Collection entries:
—————
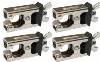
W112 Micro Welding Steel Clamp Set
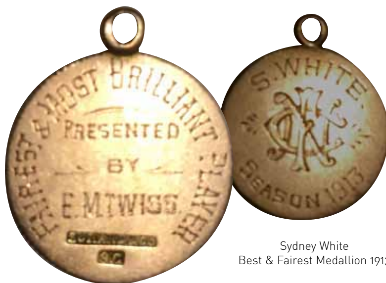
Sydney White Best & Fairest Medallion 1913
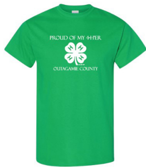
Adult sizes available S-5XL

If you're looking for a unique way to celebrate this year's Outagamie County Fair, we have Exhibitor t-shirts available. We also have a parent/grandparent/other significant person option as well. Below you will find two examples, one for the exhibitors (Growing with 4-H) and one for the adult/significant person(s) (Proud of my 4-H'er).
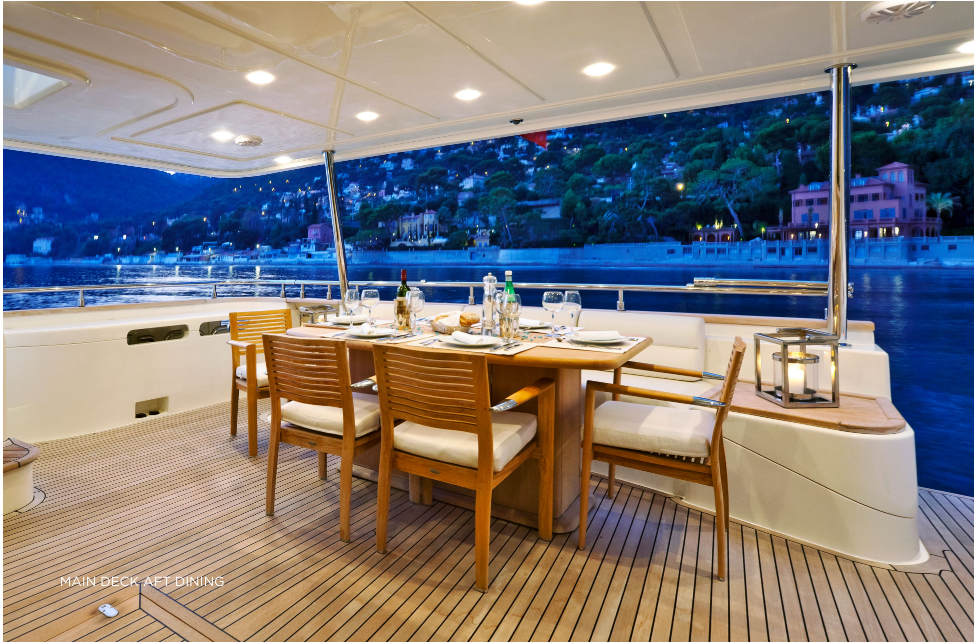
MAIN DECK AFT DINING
—————
-- What to produce --
The records above should be reproduced exactly, with no pictures included.

-- Answer --
W112 Micro Welding Steel Clamp Set
Sydney White Best & Fairest Medallion 1913
Adult sizes available S-5XL

If you're looking for a unique way to celebrate this year's Outagamie County Fair, we have Exhibitor t-shirts available. We also have a parent/grandparent/other significant person option as well. Below you will find two examples, one for the exhibitors (Growing with 4-H) and one for the adult/significant person(s) (Proud of my 4-H'er).
MAIN DECK AFT DINING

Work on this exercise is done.